### [Data shown]

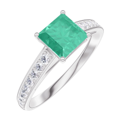 « L'ATELIER » NO. 166707Ring White gold 18 carats - Emerald Princess 0.7 Carats - Setting Diamond white
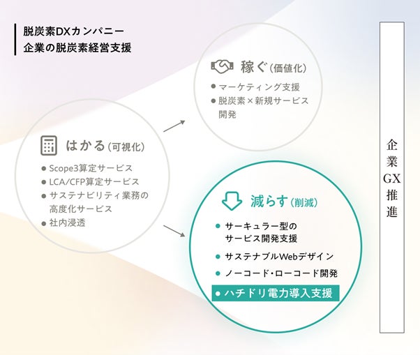 GXリテラシーと生成AIやローコード・ノーコードなどのモダンテクノロジーを使いこなすデジタルスキルを兼ね備えたGX人材が企業の現場で伴走し、脱炭素DX推進を支援。GX人材、LCAをもとにしたサービス・デザインチーム、脱炭素DXマーケティング、脱炭素DX人材育成、LCA算定支援などを提供しています。
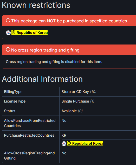 그건 2022년 4월 11일부로 게임 판매를 종료한다는 것이었다. VPN을 사용하여 다른 나라의 IP로 접속하면 해당 공지가 뜨지 않았기 때문에, 이것은 한국에서만 판매가 중단되는 이른바 '지역 제한' 예고였다.
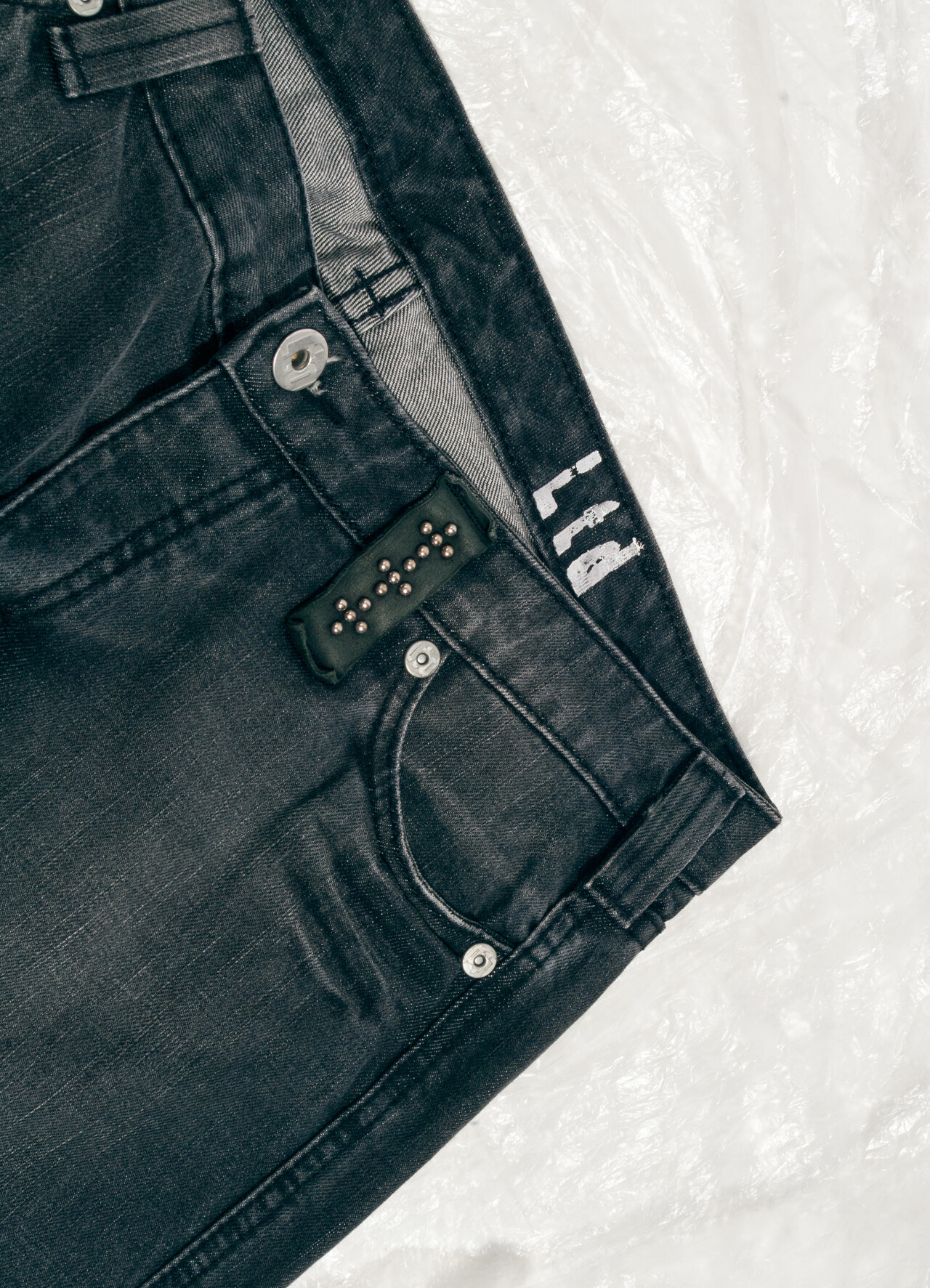 Vintage jeans 90s reworked crop grunge black denim trousers
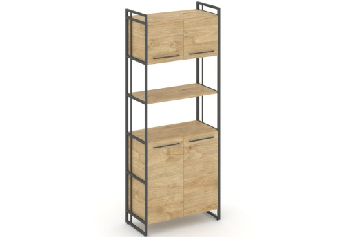 Шкаф средний составной (1 со стеклом + 2 стеллажа) Луара, цвет дуб адриа + серый
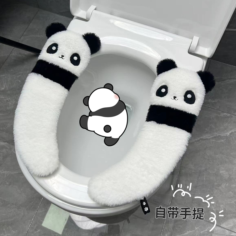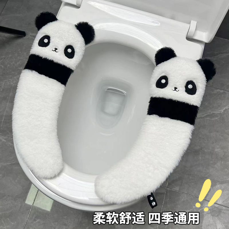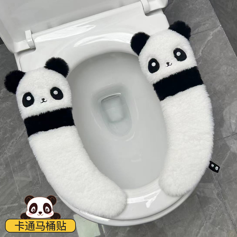 可爱熊猫马桶垫冬季 坐便器垫网红马桶圈套垫 加厚保暖兔毛绒粘贴式
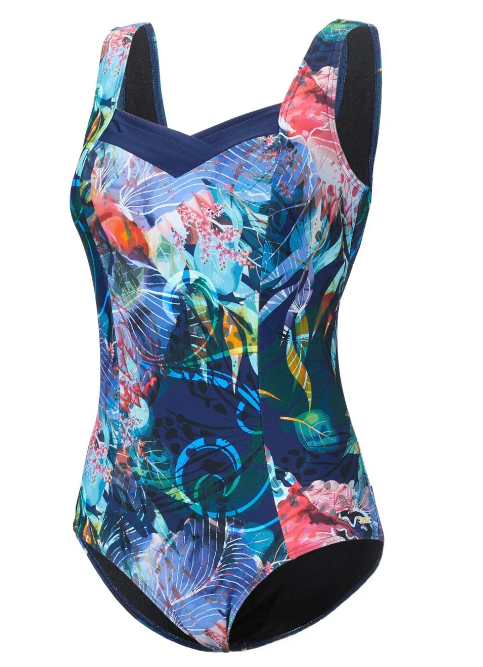 Attraktiver „Laurina“-Badeanzug in Marine-Bunt, mit kleiner Ausschnittblende, Halbkorsage, Softschalen sowie Unterbrustband.
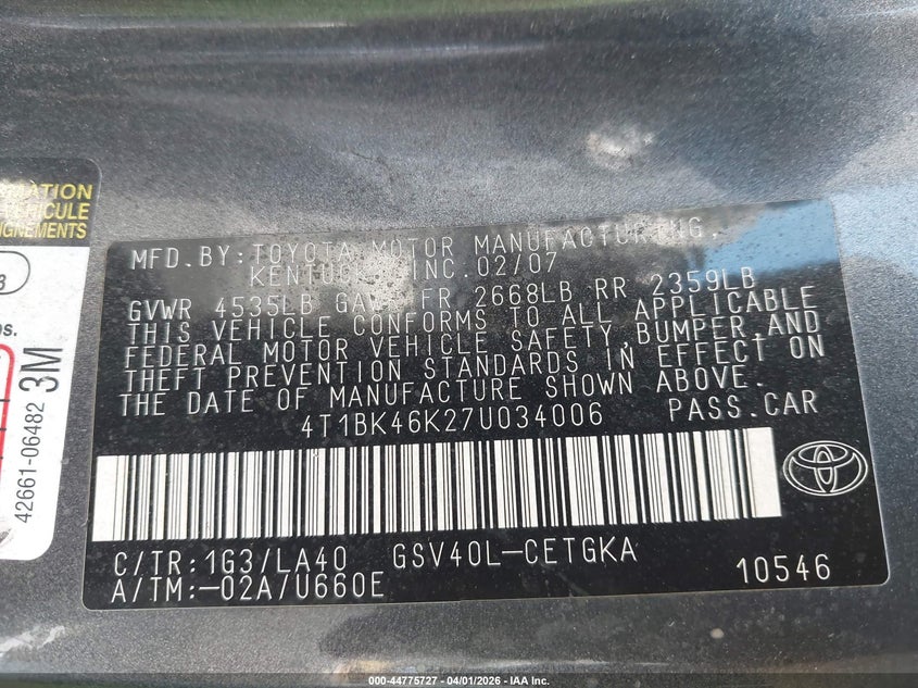 • 4T1BK46K27U034006
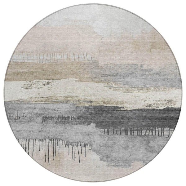 Chantille Machine Washable Indoor/Outdoor Abstract ACN1880 Ivory 8 ft. x 8 ft. Round Rug
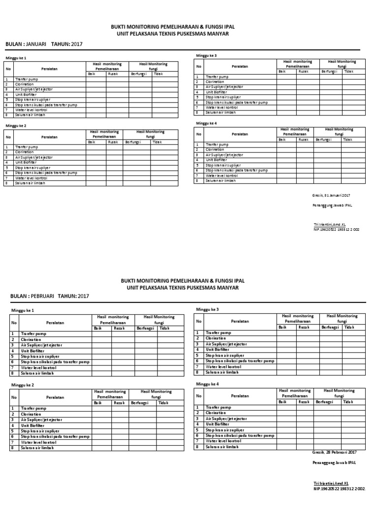 2.sop pemeliharaan & pemantauan instalasi listrik, air, ventilasi, gas o2, gas l pg & sistem lain, bukti pemantauan & tindak lanjut 3. 8.5.1 sop pemeliharaan dan pemantauan instalasi listrik, air, ventilasi gas dan sistem lainnya.rtf Pemeliharaan panel distribusi tegangan menengah (tm) dan tegangan rendah (tr). Pemeliharaan panel distribusi tegangan menengah (tm) dan tegangan rendah (tr). 8.5.1.2 sop pemeliharaan dan pemantauan instalasi listrik, air, ventilasi, gas dan sistem lain Raya bojonegoro cepu 1688 ds panjunan kec kalitidu kab bojonegoro 1. 1 standar kompetensi asesor bidang instalasi pemanfaatan tenaga listrik sub bidang pemeliharaan kode unit : Tutik mahanani ucd, mmrs ) 1. Sop pemeliharaan dan pemantauan instalasi listrik, air, ventilasi dll.pdf: Sop pemantauan berkala pelaksanaan prosedur pemeliharaan dan sterilisasi instrumen.docx: Selain itu agar gangguan serta kerusakan mudah diketahui, dicegah atau diperkecil. Sop pemeliharaan dan pemantauan instalasi listrik, air, ventilasi, dan gas no. Isntalasi listrik, air, ventilasi dan gas no.

### [Action item]
Retype the data exactly; images stay out.

### [Reply]
 « L'ATELIER » NO. 166707Ring White gold 18 carats - Emerald Princess 0.7 Carats - Setting Diamond white
 GXリテラシーと生成AIやローコード・ノーコードなどのモダンテクノロジーを使いこなすデジタルスキルを兼ね備えたGX人材が企業の現場で伴走し、脱炭素DX推進を支援。GX人材、LCAをもとにしたサービス・デザインチーム、脱炭素DXマーケティング、脱炭素DX人材育成、LCA算定支援などを提供しています。
 그건 2022년 4월 11일부로 게임 판매를 종료한다는 것이었다. VPN을 사용하여 다른 나라의 IP로 접속하면 해당 공지가 뜨지 않았기 때문에, 이것은 한국에서만 판매가 중단되는 이른바 '지역 제한' 예고였다.
 Vintage jeans 90s reworked crop grunge black denim trousers
 Шкаф средний составной (1 со стеклом + 2 стеллажа) Луара, цвет дуб адриа + серый
 可爱熊猫马桶垫冬季 坐便器垫网红马桶圈套垫 加厚保暖兔毛绒粘贴式
 Attraktiver „Laurina“-Badeanzug in Marine-Bunt, mit kleiner Ausschnittblende, Halbkorsage, Softschalen sowie Unterbrustband.
 • 4T1BK46K27U034006
 Chantille Machine Washable Indoor/Outdoor Abstract ACN1880 Ivory 8 ft. x 8 ft. Round Rug
 2.sop pemeliharaan & pemantauan instalasi listrik, air, ventilasi, gas o2, gas l pg & sistem lain, bukti pemantauan & tindak lanjut 3. 8.5.1 sop pemeliharaan dan pemantauan instalasi listrik, air, ventilasi gas dan sistem lainnya.rtf Pemeliharaan panel distribusi tegangan menengah (tm) dan tegangan rendah (tr). Pemeliharaan panel distribusi tegangan menengah (tm) dan tegangan rendah (tr). 8.5.1.2 sop pemeliharaan dan pemantauan instalasi listrik, air, ventilasi, gas dan sistem lain Raya bojonegoro cepu 1688 ds panjunan kec kalitidu kab bojonegoro 1. 1 standar kompetensi asesor bidang instalasi pemanfaatan tenaga listrik sub bidang pemeliharaan kode unit : Tutik mahanani ucd, mmrs ) 1. Sop pemeliharaan dan pemantauan instalasi listrik, air, ventilasi dll.pdf: Sop pemantauan berkala pelaksanaan prosedur pemeliharaan dan sterilisasi instrumen.docx: Selain itu agar gangguan serta kerusakan mudah diketahui, dicegah atau diperkecil. Sop pemeliharaan dan pemantauan instalasi listrik, air, ventilasi, dan gas no. Isntalasi listrik, air, ventilasi dan gas no.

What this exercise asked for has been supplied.